On the other hand, looking at the plot below we see a much weaker association between neighborhood and price, because there is much more overlap in ALL of the boxplots IQRs. However, because there is some slight separation, say, between Near North Side IQR and the Logan Square IQR, we can say that there is some association. Thus, we'll choose to include neighborhood as one of our explanatory variables in our linear regression model to predict price.

sns.boxplot(x='neighborhood', y='price', data=df)
plt.ylim([0,1000])
plt.show()

Two Numerical Variables

To visualize the nature of the association between two numerical variables we can use a scatterplot.

Is there an association between bedrooms and beds?

It makes sense that in the plot below we see a moderately strong, positive, linear association between the number of bedrooms and the number of beds in an Airbnb.

  1. The relationship is positive as the trend of the data goes up and to the right.
  2. The relationship is linear as the best fitting curve for this data would be a line.
  3. The relationship is strong as the points above and below this line are not too far off.
  4. Furthermore, there do not seem to be any strong outliers.

In general, an effective and thorough way to communicate the nature of an association between two numerical variables are to describe the following.

  1. Direction (positive/negative) of the trend
  2. Shape of the trend (linear/nonlinear)
  3. Strength of the trend (none, weak, moderate, strong, etc.)
  4. Any outliers

We can use the sns.scatterplot() function to create a basic scatterplot.

sns.scatterplot(x='bedrooms', y='beds', data=df)
plt.show()

The term "strong" is a subjective assessment. Because the relationship between two numerical variables is linear we can use the correlation to measure the strength and the direction of this relationship. Recall that the correlation ranges from $[-1.0, 1.0]$ and that the closer the |correlation| is to 1.0, the stronger the association. Furthermore, a positive correlation indicates that the relationship is positive, and a negative correlation indicates that the relationship is negative.

Thus, the correlation of 0.859 between bedrooms and beds further validates that the linear relationship is strong and positive.

df[['bedrooms', 'beds']].corr()
bedrooms beds
bedrooms 1.000000 0.859116
beds 0.859116 1.000000

If we want to overlay a "best fit line" in a scatterplot, then we can use the sns.lmplot() function.

sns.lmplot(x='bedrooms', y='beds', data=df, ci=False)
plt.show()

Warning!
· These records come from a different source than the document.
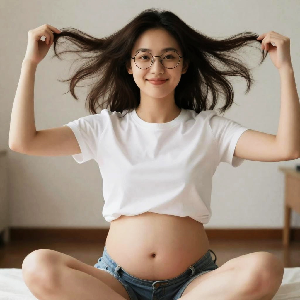 (8k, RAW photo, best quality, masterpiece:1.2), (realistic, photo-realistic:1.37), ((1girl)), portrait, float hair, professional lighting, photon mapping, radiosity, physically-based rendering, lens 135mm, f1.8, close-up, looking at viewer, round eyewear, glasses, smile, short white t-shirt, Mini Shorts, 20 year old woman, beautiful lips, beautiful smile, full body, indoors, belly, show belly, arms up, sitting, head out of frame
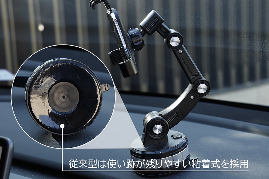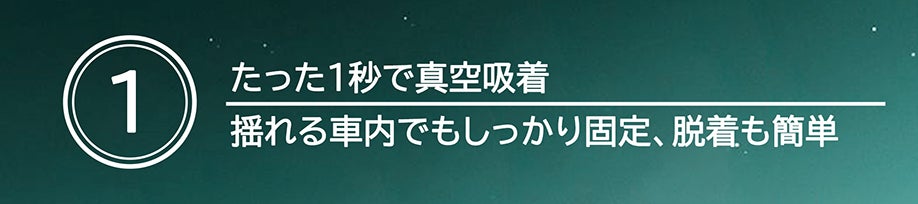 ●たった1秒で真空吸着、揺れる車内でもしっかり固定、脱着も簡単!
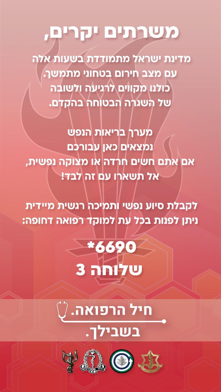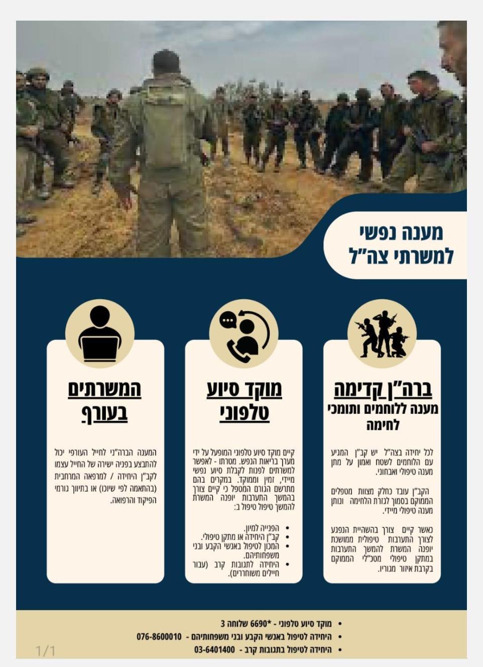 מתנדבות יקרות, במקרה של חיילים שמתקשרים בלחימה - חשוב שנזכור שמענה לא מדוייק יכול לעשות נזק ולכן חשוב מאד להפנות אותם לגורם שיוכל לתת להם את המענה המתאים. להלן הפניות אפשריות:
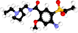 Amisulpride, sold under the brand names Socian and Barhemsys, is a medication used in the treatment of schizophrenia, acute psychotic episodes, depression, and nausea and vomiting.[9][6] It is specifically used at lower doses intravenously to prevent and treat postoperative nausea and vomiting,[9] at low doses by mouth to treat depression, and at higher doses by mouth to treat psychosis.[6][10][11]
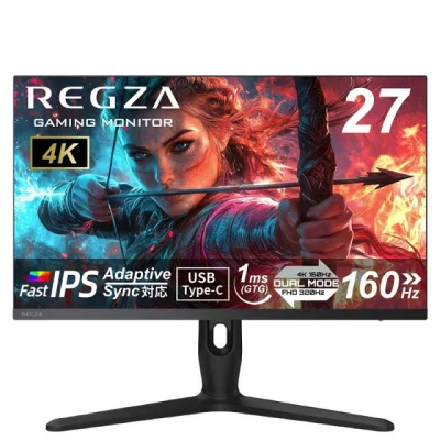 REGZA RM-G277Rは、4K 160HzとフルHD 320Hzを切り替えられる“デュアルモード”を備えた27インチゲーミングモニターです。
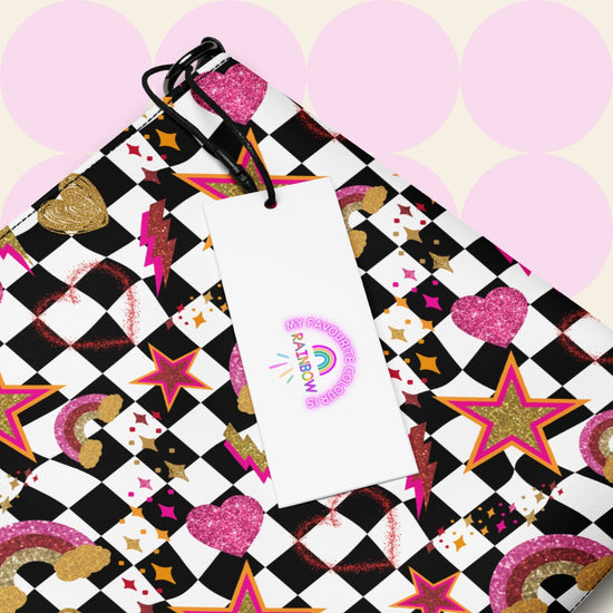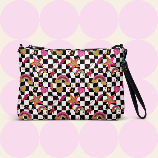 The Galaxy Crossbody Bag is where classic meets cosmic! With a black and white checkered background and glittery pops of gold, pink, and red in rainbows, stars, and hearts, this bag is a bold mix of retro and celestial magic. Whether you’re dressing up or keeping it casual, this colourful bag is ready to shine. Wear it as a clutch bag for women for a sleek look, rock it as a handbag for everyday flair, or go hands-free with a crossbody bag when you're on the move.
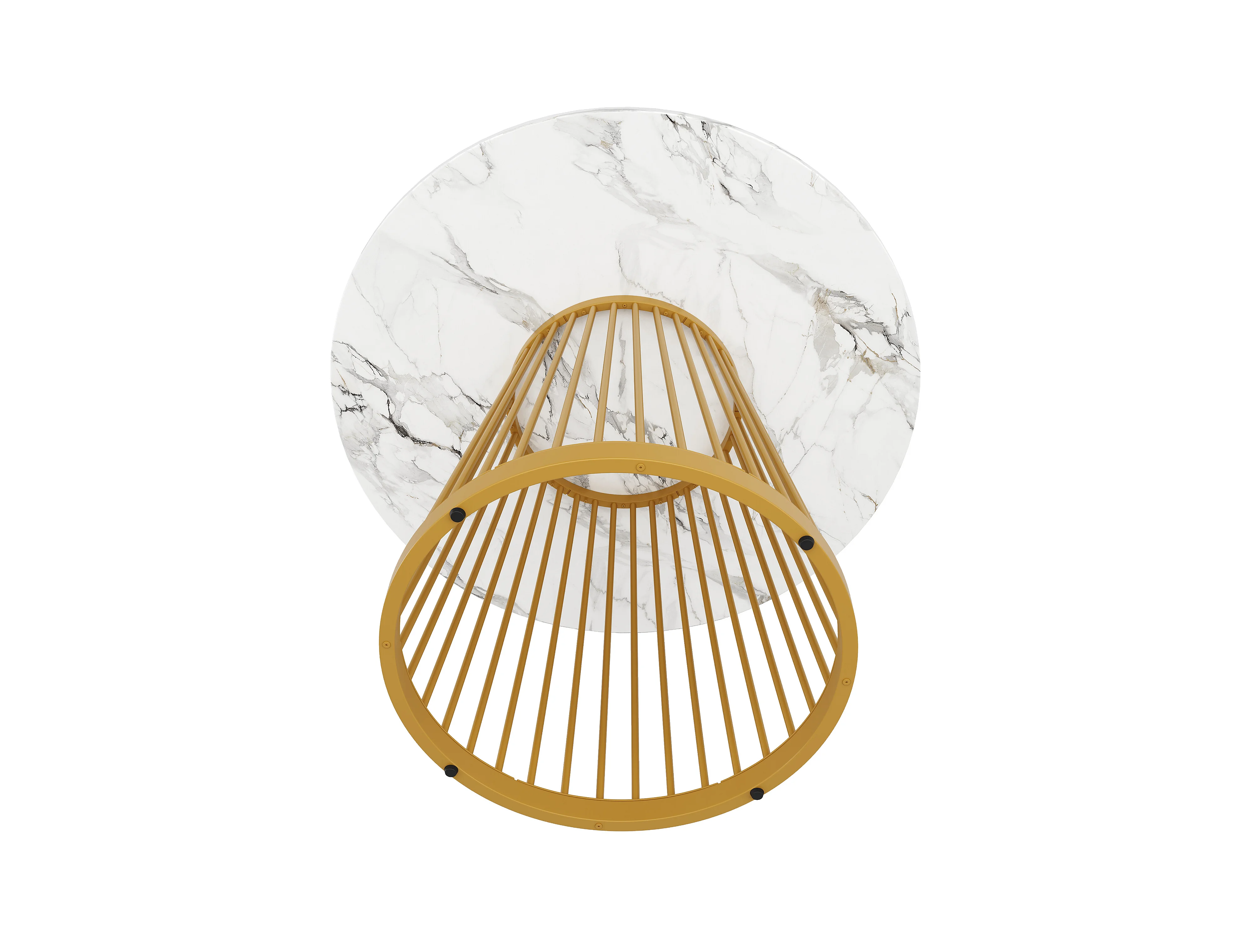 Table à manger ronde avec plateau en placage marbre blanc et 1 étagère de jambe, cadre en métal doré - 80x80x76cm
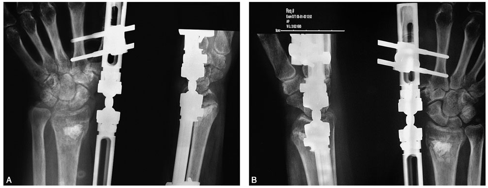术后抗炎3天,每日进行针道护理。术后第二天开始进行康复训练,指导下进行前臂旋转功能锻炼。术后第4周松开一侧外固定架的球形关节动力化,初步行腕关节屈伸功能锻炼。术后6周骨折愈合,去除外固定架。常见并发症主要有:桡神经损伤,肌腱损伤,肩手综合征,创伤性关节炎,针道感染,固定失效,畸形愈合,腕关节不稳定。此患者仅有轻微外背侧疼痛。
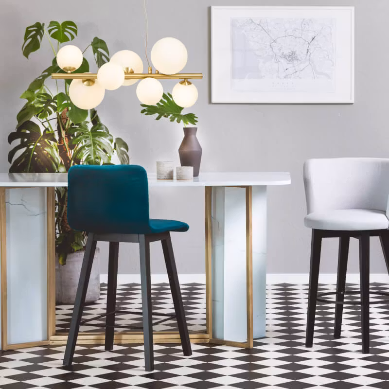 MOLEKYL modern snygg taklampa i matt mässing med 7 vita glaskupor i två olika storlekar. Hänger i två justerbara vajrar. Krokupphäng med takkopp i matt mässing.
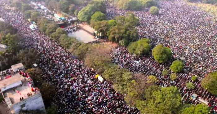 সরেজমিনে দেখা যায়, জাতীয় সংসদ এলাকা ছাড়িয়ে খামারবাড়ি, আসাদগেট ও ফার্মগেটসহ আশপাশের প্রতিটি এলাকা লোকে লোকারণ্য হয়েছে জনতার ঢলে।
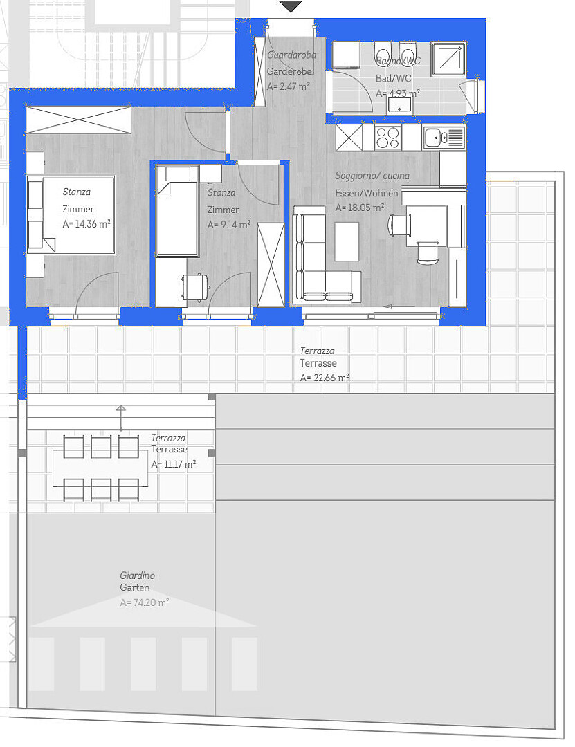 Zum Verkauf steht diese moderne Neubauwohnung in Eppan/St. Pauls. Auf 49 m²Nettowohnfläche bietet sie zwei Schlafzimmer, ein elegantes Badezimmer und einen offenen Wohn-/Küchenbereich. Die Wohnung im Erdgeschoss verfügt über eine sonnige Terrasse mit direktem Zugang und einen Privaten Garten; ein Aufzug gewährleistet bequemen Zugang zur Garage. Hochwertige Ausstattung, helle Räume und ein durchdachter Grundriss machen sie ideal für Paare oder als Anlageobjekt.
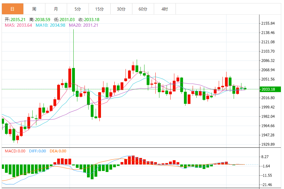 在接下来的几个交易日中,金价需要突破周三高点2044.64美元/盎司,以维持看涨倾向。
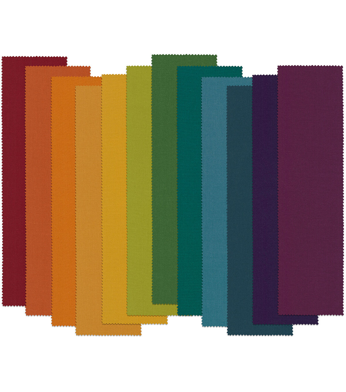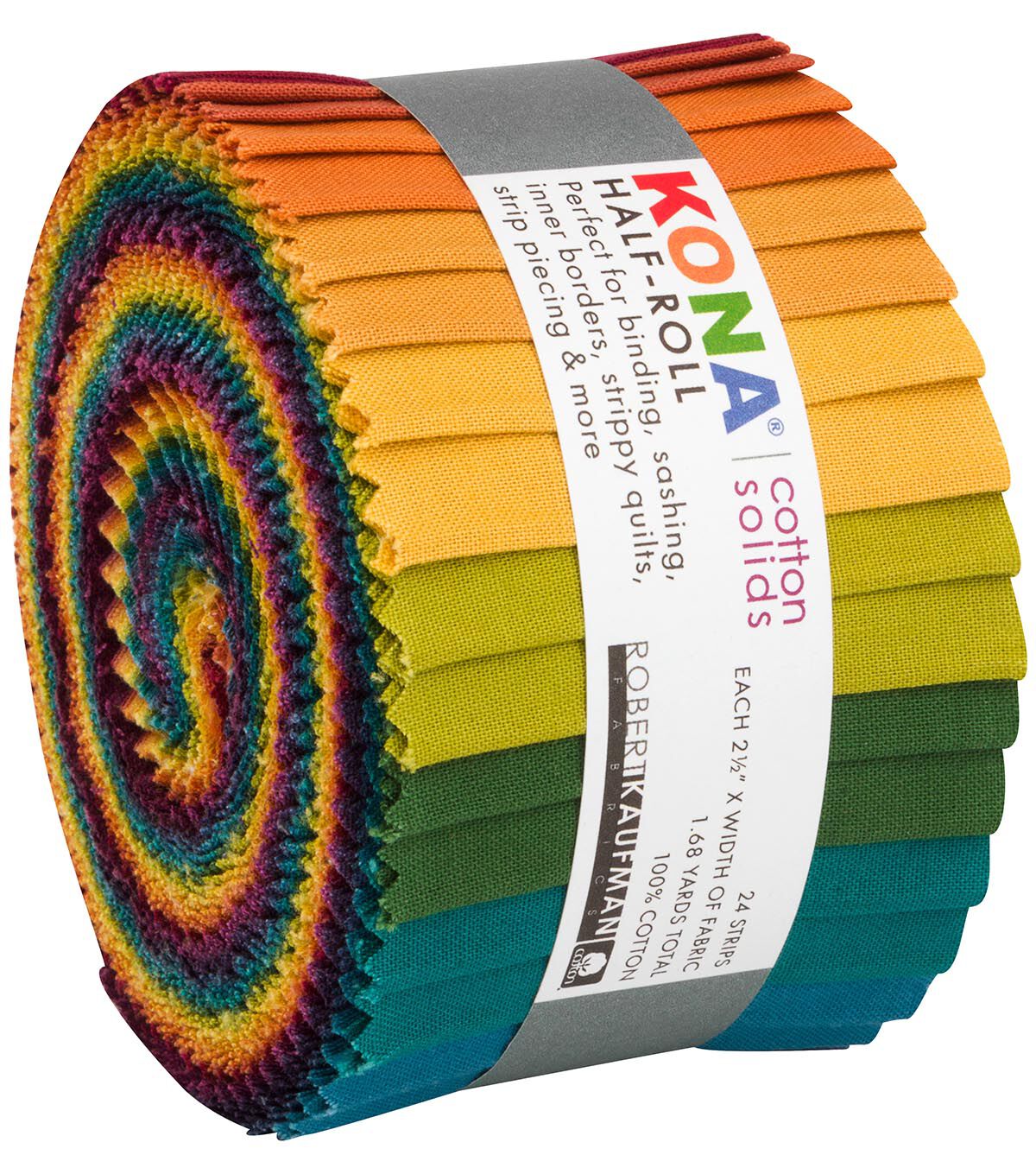 Half Roll bundle includes 24 Strips measuring 2.5"x Width of Fabric each in 12 colors of solid Kona Cotton. Perfect for binding, sashing, inner borders stip quilting and much more.
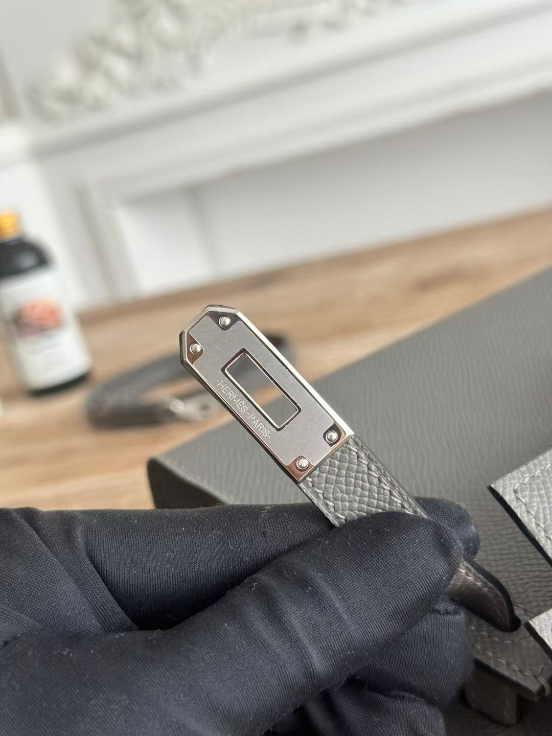 HM Mini Kelly 19cm Charcoal Epsom Silver Hardware
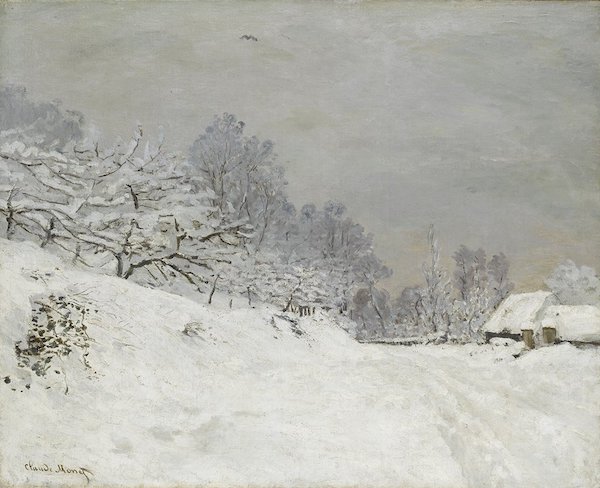 Différentes conditions météorologiques révèlent de nouvelles palettes. Douceur des gris que la lumière vespérale colore ici de rose, là de bleu ou de vert dans ce paysage du peintre allemand Paul Müller-Kaempff (1861-1941). Le peintre romantique Caspar David Friedrich (1774-1840) quant à lui nous laisse deviner à travers les frimats une église comme un écho au sapin situé à l’avant-plan; la neige y est déclinée en des tons s’assombrissant dans un dégradé de gris bleutés fondus dans le brouillard. Un voile de brume plus léger enveloppe le paysage de Richard Freiherr von Drasche-Wartinberg (1850-1923).
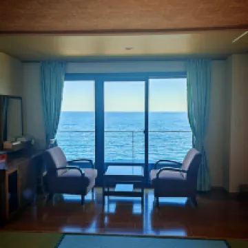 日式的傳統旅店,泡湯設施有點小,海景房可以遙看美麗的海岸線。選擇附晚餐的組合,建議可以跟飯店商討晚餐可提供的選擇,此次用餐內容物稍嫌不夠,有點空虛。晚上飯店大廳有鋼琴演奏,非常驚豔。
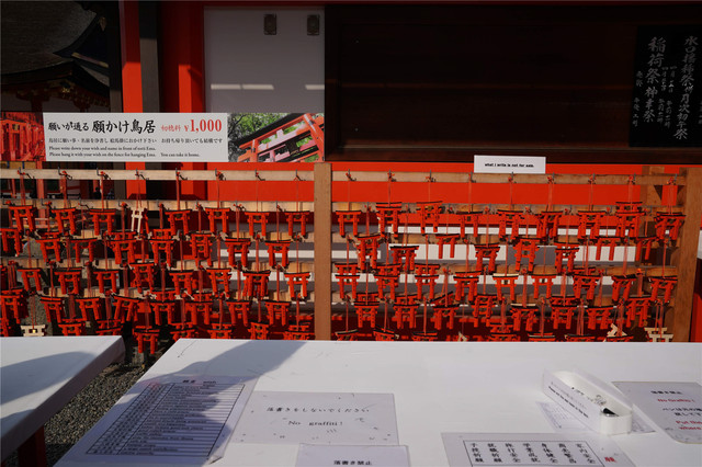 千本鸟居正面并没有字,但是从背面看过去,则是写着来自商会组织、公司、个人的贡献者的姓名以及建造年份。从江户时代开始,许愿的人们捐款在神社境内竖立一座鸟居来表达对神明的敬意,也祈求商业、事业繁盛,壮观的千本鸟居,数量之多真的难以数完。
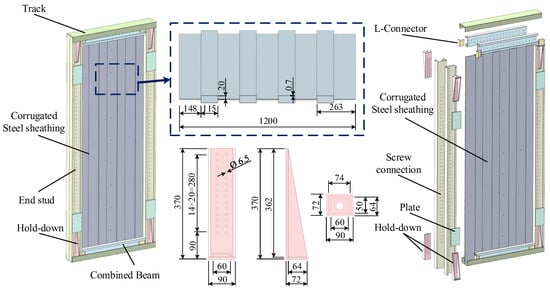 As a response to the limited strength and ductility of conventional CFS shear walls, this paper presents an innovative CCS-CFS shear wall with corrugated steel sheet central sheathing, as depicted in Figure 1. In this configuration, two back-to back corrugated steel sheets were centrally confined within the framing, providing a substantial increase in both shear resistance and ductility in comparison with conventional shear walls. The corrugated steel sheets were sandwiched by built-up vertical studs along the edges and horizontal members located at the base and top of the wall. Additionally, L-shaped connectors were used to connect the studs and the horizontal members, enhancing the overall stability of the shear wall through improved component connections. Furthermore, a symmetrical arrangement of hold-downs on both sides of the wall was employed to enhance connection performance and prevent hold-down failure or damage.
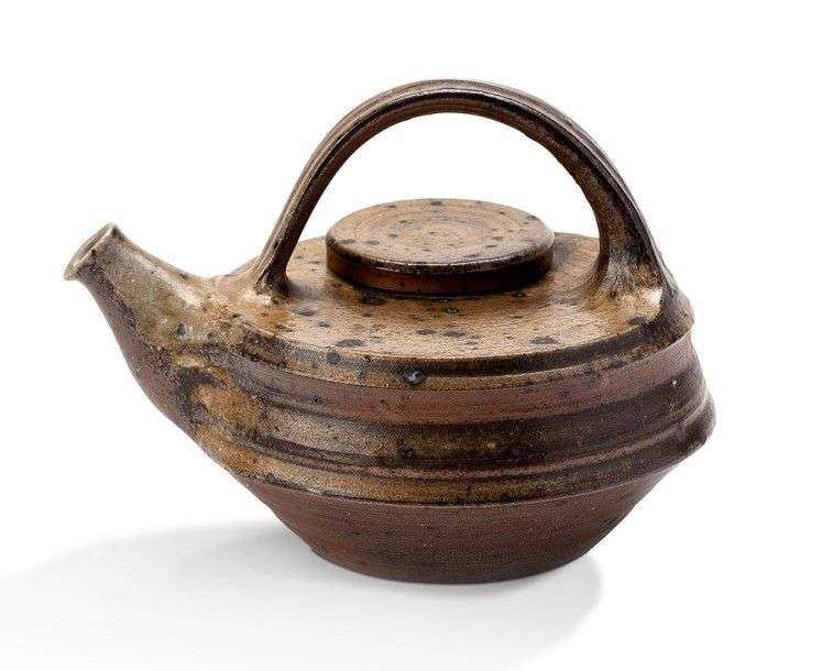 Théière en grès pyrité, à couvercle décalé à droite de l'anse

If the relationship between your two numerical variables is NONLINEAR, the correlation is not an effective way to measure the strength and direction of a relationship. If you use the correlation on a relationship is not linear, your interpretations may be misleading!

We can actually quickly visualize the nature of the relationship between all of our numerical explanatory variables all at once using the sns.pairplot() function.

sns.pairplot(df)
plt.show()

These plots yield some interesting insights for our intended model.

  1. Each of our intended numerical explanatory variables (ie. accommodates, bedrooms, and beds) all have strong linear relationships with each other. The correlations between each pair of explanatory variables are 0.856, 0.877, and 0.859.
  2. On the other hand, the relationship between each explanatory variable and price (our response variable) is only moderately strong (0.586, 0.611, 0.577).
df.corr()
price accommodates bedrooms beds
price 1.000000 0.585688 0.611560 0.576968
accommodates 0.585688 1.000000 0.856451 0.876848
bedrooms 0.611560 0.856451 1.000000 0.859116
beds 0.576968 0.876848 0.859116 1.000000

So on one hand, the strong linear relationships between accommodates, bedrooms, and beds with price indicates that using these three variables as explanatory variables in our model might be a good idea.

However, as we'll see in Section 08-08, because our three numerical explanatory variables have a strong linear relationship with each other, our model is going to run into some problems.